As he started around the side of the house to the back door, he saw something pink in the hedge. It was Cynthia, in a robe and gown with her hair full of curlers. She stared at him as Ed Coffey pulled quietly away from the curb.
He stared back for one agonizing moment, seeing a certain message in her eyes, as well. She was holding a dripping Violet, who had very likely stayed out all night.
He raised one hand, as if to salute his neighbor, but she turned and dashed through the hedge, the robe flying behind like a coronation mantle. Standing there in the drizzling rain, he heard her back door slam.
His lunch with Miss Sadie and Louella made him feel as if he’d really come home.
He realized he had taken a positive shine to their white bread, and even the processed cheese seemed to possess a certain delicacy.
“I never got Olivia Davenport’s hats to her,” Miss Sadie confessed. “Two whole months of good intentions and nothing more! But Louella and I are going up to the attic this very week and bring them down, aren’t we, Louella?”
Over the pineapple sherbet, his hostess said she wanted to have a meeting with him before too long. Not today, she said, but soon. He remembered other meetings with Miss Sadie and how something major always resulted. In this faded house among the ferns, a bright idea was inevitably taking form.
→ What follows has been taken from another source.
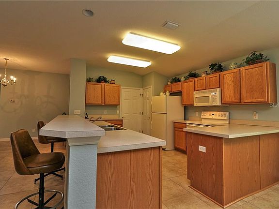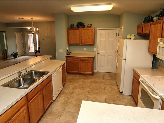 Private lot. Framed by beautiful trees; landscaping complete with hacienda walls and rock beds. Designer entry door with matching side window. House has ceramic tile. NO CARPETING. Kitchen features breakfast bar, pantry & nook. Formal dining. Inside laundry room with stackable washer/dryer combo. Enclosed lanai (acrylic windows) with stucco knee-wall; laminate flooring. Extending 2-car garage (20' x 25'); privacy screen, painted floor, pull-down attic storage and wire shelving. Waiting for a new owner.

He told her about the garden statuary, about the moss-covered St. Francis with the missing arm, the seated Virgin with the child, the figure of Jesus carrying a lamb, and the host of wingless cherubs. “Beautiful pieces! A round dozen in all. We’ll see to having them restored and put in the church gardens.”
“I can’t seem to remember them,” she said. “We never returned to the churchyard after the fire. It was as if there had been a terrible death, and we never spoke of it. We never even glanced that way when we went down the road.
“But for years, when I looked out my window to the hill where the steeple used to stand against the sky, there was an awful emptiness there, as if something had been stolen from the heavens.”
Louella looked at him and shook her head. “Honey, it was mournful.”
“Louella, do you think you ought to call the father honey?”
“I think she should,” said the rector.
“Well, then,” said Miss Sadie. “Papa did everything he could to get the new church going, and we were having services before the roof was even on. Remember, Louella, we used to sit in canvas chairs like you take to a horse event, with just the framing around us. That was a beautiful time, a healing time—the fresh lumber, the new beginning. I remember the way our hymns sounded, out in the open like that, with nothing but grass and trees to catch the music. It was sweet and simple, like the early settlers must have worshiped.
“I remember Absalom came around one Sunday morning. He stood in the back holding his hat and his Bible, and afterward, he walked out front and said to us, ‘I’m so sorry.’ He was meaning the fire, of course, and everything else.
“You know, Father, I would give anything if I could have fallen in love with Absalom Greer.”